Books for the road

It's impossible to read Nancy Pearl's "Book Lust To Go," a listing of books about places all around the globe, without a pad of Post-It notes at your side.

That's because you'll constantly be flagging books you want to read, whether they're about Arctic exploration or the search for a lost tribe of Israel in Zimbabwe. Pearl's book is available in the new books section by the Ashland library checkout area. Here's just a sampling of some of Pearl's intriguing selections.

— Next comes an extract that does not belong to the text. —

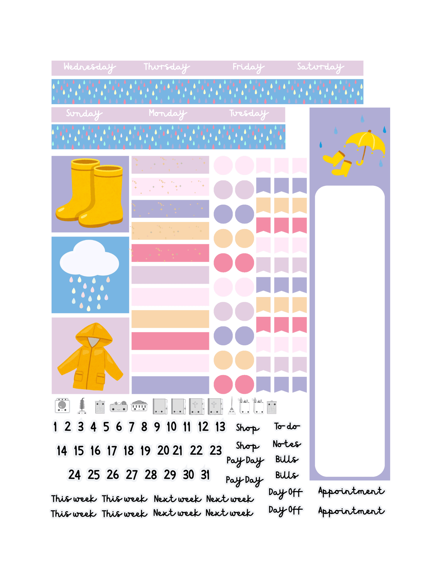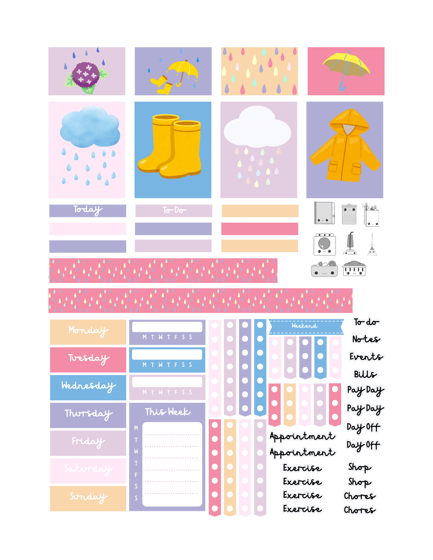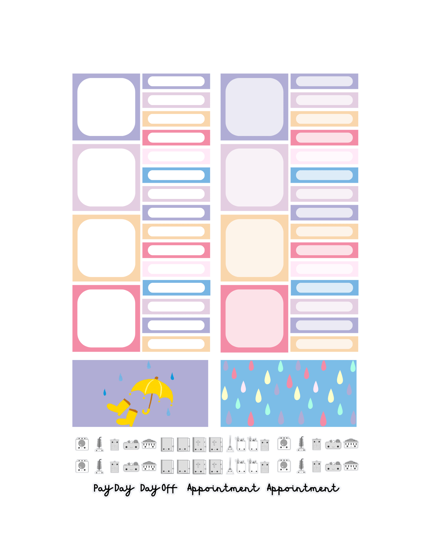 April Showers – Pastel Rainy Day – Printable Monthly Planner Sticker Kit – Standard Vertical – Pastel Rain Theme
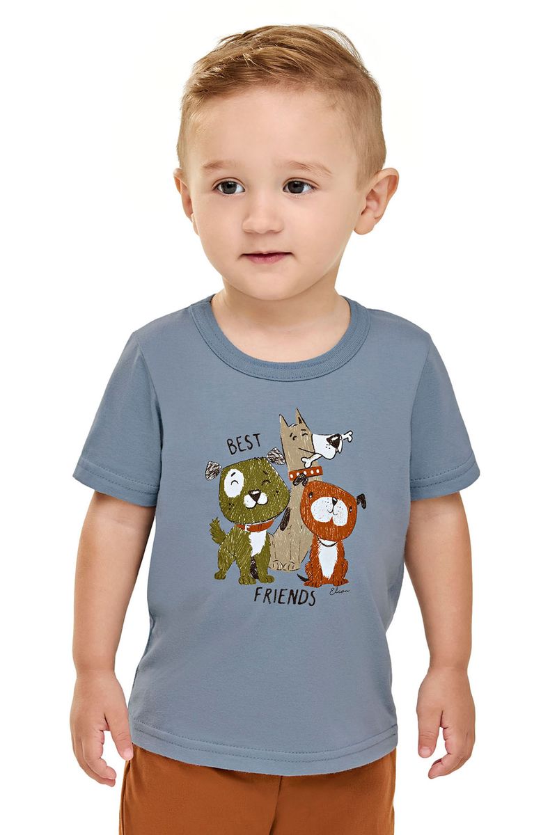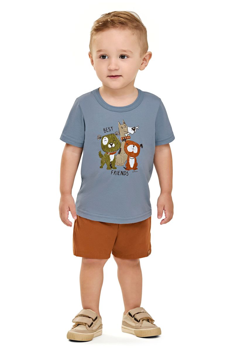 Camiseta Bebê Menino Manga Curta Cachorrinhos Elian Azul REF: 201302-6131

  • Dean King's "Skeletons on the Zahara: A True Story of Survival" tells how 12 American sailors shipwrecked on the African coast were enslaved by a traveling Bedouin tribe. The year was 1815, the same time that Africans were being captured and shipped to America to work as slaves.
  • Western journalist Ilija Trojanow recounts going on the Hajj in "Mumbai to Mecca: A Pilgrimage to the Holy Sites of Islam."
  • American nanny Marjorie Leet Ford tells of her struggles to understand Britishisms and English etiquette in "Do Try to Speak as We Do."
  • Sharyn McCrumb has written a series of books, including the "The Ballad of Frankie Silver," based on Appalachian ballads.
  • "The Marsh Arabs" is Wilfred Thesinger's account of living with a group of Iraqis in the 1950s. Their way of life was later destroyed by Saddam Hussein, who drained their marshes as retribution for a failed coup.
  • You can visit Australia via Tim Flannery's "Chasing Kangaroos: A Continent, a Scientist and a Search for the World's Most Extraordinary Creature."
  • Travel down the Colorado with Edward Dolnick's "Down the Great Unknown: John Wesley Powell's 1869 Journey of Discovery and Tragedy Through the Grand Canyon."
  • Potential tragedy ends up as salvation in Borneo in Judith Heimann's "The Airmen and the Headhunters: A True Story of Lost Soldiers, Heroic Tribesmen, and the Unlikeliest Rescue of World War II."
  • Peter Allison humorously tells how he tries to keep his human charges under control in "Whatever You Do, Don't Run: True Tales of a Botswana Safari Guide."
  • J. Maarten Troost's book title tells it all — "Lost on Planet China: The Strange and True Story of One Man's Attempt to Understand the World's Most Mystifying Nation, Or How He Became Comfortable Eating Live Squid."
  • John Harlin III follows in his mountain-climbing father's footsteps in "The Eiger Obsession: Facing the Mountain That Killed My Father."
  • Pearl recommends several books on hiking the Canada-to-Mexico Pacific Crest Trail, including Dan White's "The Cactus Eaters: How I Lost My Mind — and Almost Found Myself — on the Pacific Crest Trail."
  • William Dalrymple chronicles how he traced Marco Polo's footsteps, interweaving that explorer's observations with his own, in "In Xanadu: A Quest."
  • For an unusual view of Japan, try Jake Adelstein's "Tokyo Vice: An American Reporter on the Police Beat in Japan."
  • Christina Thompson's memoir, "Come On Shore and We Will Kill and Eat You All: A New Zealand Story," explores the culture clash between Westerners and the Maori.
  • Robert Kull did his doctoral dissertation on the effects of deep wilderness solitude on humans and wrote "Solitude: Seeking Wilderness in Extremes: A Year Alone in the Patagonia Wilderness."
  • Also set in Patagonia, Nick Reding's "The Last Cowboys at the End of the World: The Story of the Gauchos of Patagonia" brings what seems like a lost livelihood to life.
  • Learn about Mexican runners in the Sierra Madre in Christopher McDougall's "Born to Run: A Hidden Tribe, Super Athletes, and the Greatest Race the World Has Never Seen."
  • Judy Corbett and her partner bought and restored the Gwydir Castle in Wales, and recorded that endeavor in "Castles in the Air: The Restoration Adventures of Two Young Optimists and a Crumbling Old Mansion."